• _Work task_:
Please repeat the data below exactly, with the pictures removed.

• _Given material_:
=== Begin Enclosure ===
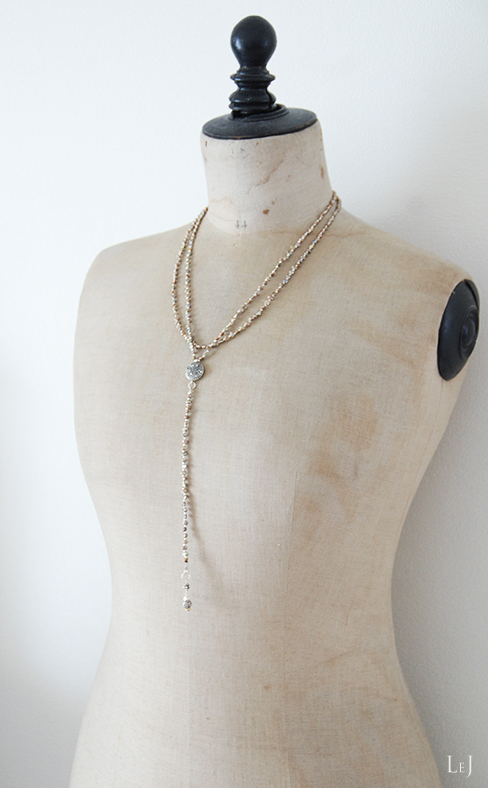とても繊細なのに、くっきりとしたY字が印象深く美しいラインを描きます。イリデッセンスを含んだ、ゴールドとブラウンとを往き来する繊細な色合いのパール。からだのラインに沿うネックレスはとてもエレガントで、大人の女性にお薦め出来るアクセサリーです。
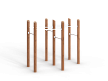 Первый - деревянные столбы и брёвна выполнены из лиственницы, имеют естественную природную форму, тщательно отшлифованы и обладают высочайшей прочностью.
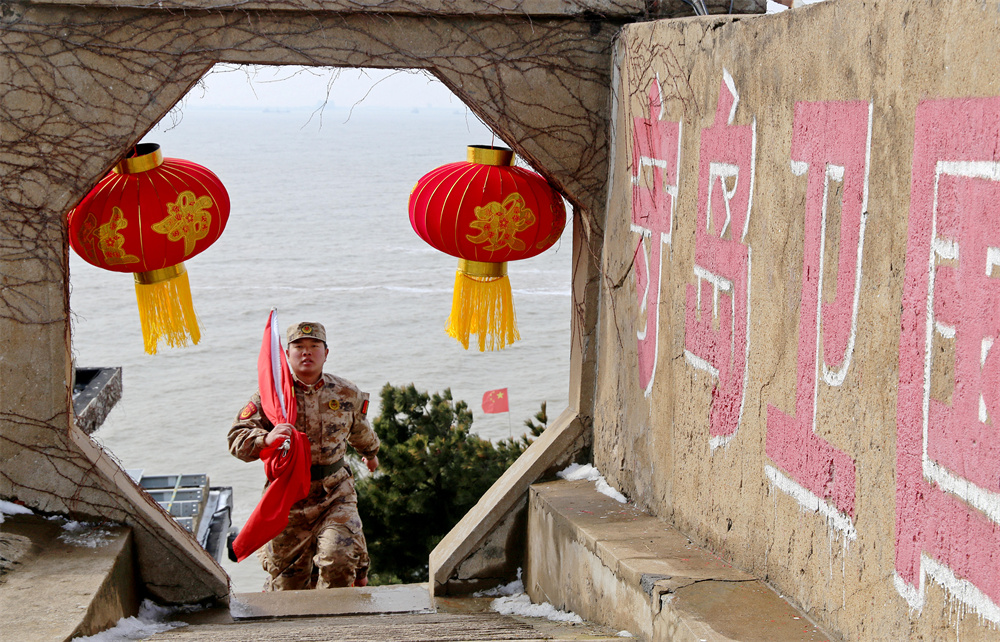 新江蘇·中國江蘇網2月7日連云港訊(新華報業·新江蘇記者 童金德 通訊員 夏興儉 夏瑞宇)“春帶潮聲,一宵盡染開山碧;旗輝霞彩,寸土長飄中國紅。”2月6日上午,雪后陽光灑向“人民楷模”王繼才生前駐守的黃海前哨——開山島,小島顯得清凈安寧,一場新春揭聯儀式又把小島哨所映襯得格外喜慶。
=== End Enclosure ===
• _Solution for this problem_:
とても繊細なのに、くっきりとしたY字が印象深く美しいラインを描きます。イリデッセンスを含んだ、ゴールドとブラウンとを往き来する繊細な色合いのパール。からだのラインに沿うネックレスはとてもエレガントで、大人の女性にお薦め出来るアクセサリーです。
 Первый - деревянные столбы и брёвна выполнены из лиственницы, имеют естественную природную форму, тщательно отшлифованы и обладают высочайшей прочностью.
 新江蘇·中國江蘇網2月7日連云港訊(新華報業·新江蘇記者 童金德 通訊員 夏興儉 夏瑞宇)“春帶潮聲,一宵盡染開山碧;旗輝霞彩,寸土長飄中國紅。”2月6日上午,雪后陽光灑向“人民楷模”王繼才生前駐守的黃海前哨——開山島,小島顯得清凈安寧,一場新春揭聯儀式又把小島哨所映襯得格外喜慶。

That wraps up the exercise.